The Year 1926: The Boom-to-Bust 20s

Now it’s 1926. The Boom-to-Bust Twenties are half over. The stock market crash that triggered the Great Depression is only a few years ahead. During most of the decade W.L. Mackenzie King is Canada’s prime minister. Sun Yat-sen, founder of China’s first republic, has died. Two of his associates, Chiang Kai-shek and Mao Tse-tung, are rivals. George V reigns as monarch of the British Empire. Pope Pius XI occupies the Chair of St. Peter.

Fr. William C. McGrath is editor of China. In its seventh year the magazine has 15,000 subscribers. An annual subscription costs .50 cents.
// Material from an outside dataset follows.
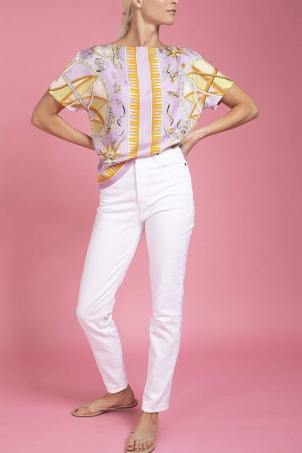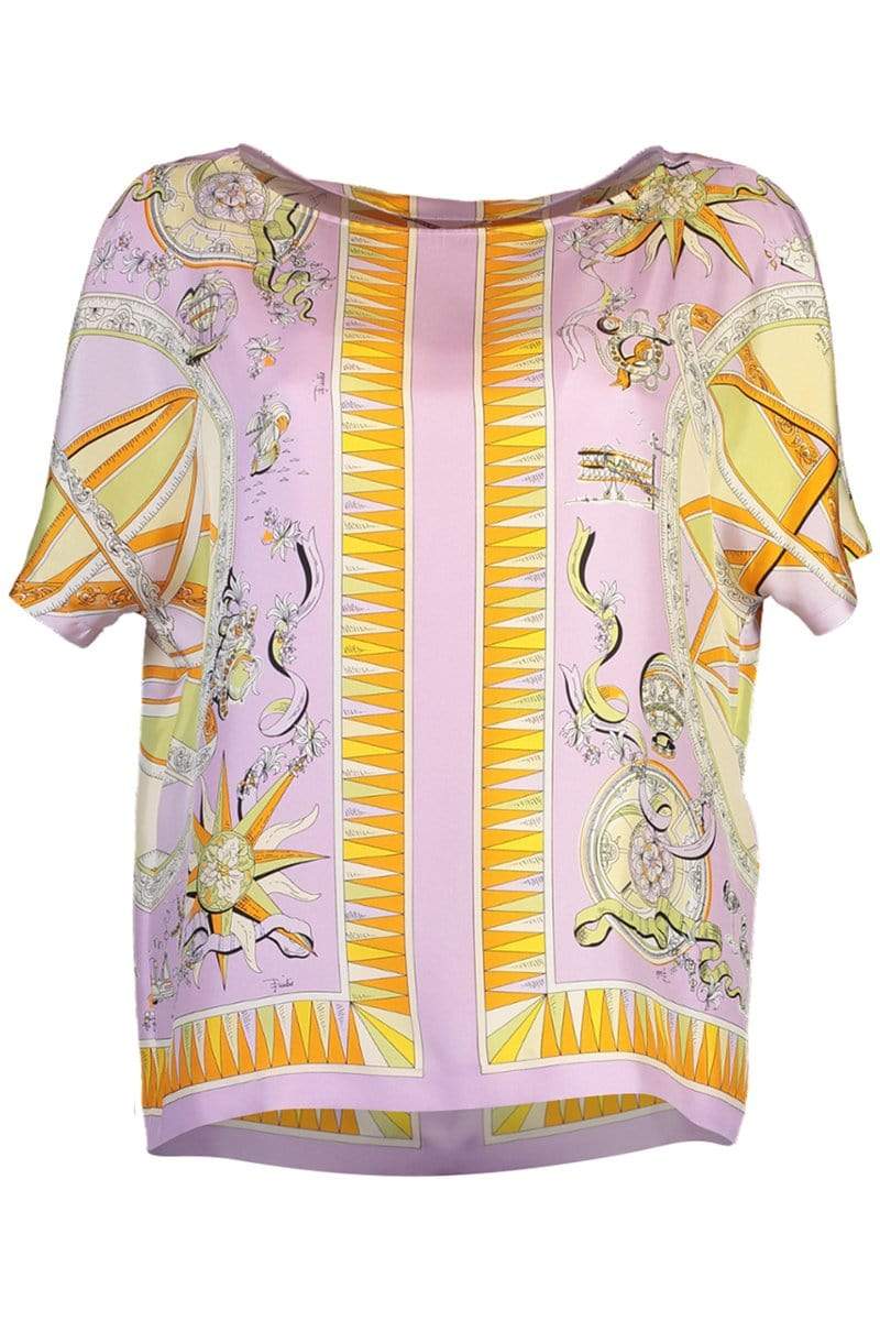 Emilio Pucci short sleeve printed wide neck top in white orange.

Glowing reports from the Society’s first mission band to China was the predominant theme in 1926 issues. Typical headlines:

  • “A Glorious Send-Off: Our Missionaries Reach Chuchow” (having travelled 10,000 miles in 46 days);
  • “Father Fraser’s First Mission Tour” (in three installments);
  • “Father Morrison’s First Convert” (“a lad of exceptional ability”);
  • “Father Serra’s First Mission Tour”.

Regular features that year: editorials; News from Far and Near; numerous sepia-coloured photographs of people and places; Our Little Missionaries, a section for younger readers that included stories, poems, riddles, tricks, jokes and appeals to support the missions with pennies, nickels and dimes (“Have you a mite box?”); excerpts from readers’ letters but without names; Nonsense (jokes); appeals for adult donations; lists of contributions received; and advertisements, mostly by Toronto firms. Sample quotations indicated the tone of these 1926 pages:

  • “Our three departing heroes are but the vanguard of the Canadian missionary army.”
  • “Today we set out to take possession of and to evangelize Chuchow, the district teeming with immortal souls in ‘darkness and the shadow of death.”‘ (A message to readers from Fr. Fraser, who first went to China in 1902.)
  • “During Lent, many of our Chinese Christians eat nothing until evening. They work hard all day… I wonder will you find such faith in Canada? (Fr. Vincent Morrison’s Diary.)
  • Easter Appeal: “The greatest thing you can do for the salvation of those teeming millions in the darkness of paganism is to go yourself as a missionary, to buy souls with your very life, even as Jesus did.”
  • Joke: “It isn’t always those who cough during the sermon who are ready to ‘cough up’ when the collection plate is passed around.”
  • “After you are gone will your work continue? It will if you make provision in your will for those who are working to win souls in China.”
  • “There’s a battlefield in China; there’s a war that’s raging now. There’s a mighty army mustering; won’t you join us in Chuchow?” From a poem by “H.F.X.S” (Fr. Hugh Sharkey).
  • “In this picture (of Chinese youths) you see the three seminarians who were recently sent from our school in Chuchow to the seminary at Ningpo. They are the first fruits, in vocations, of our missionaries there.”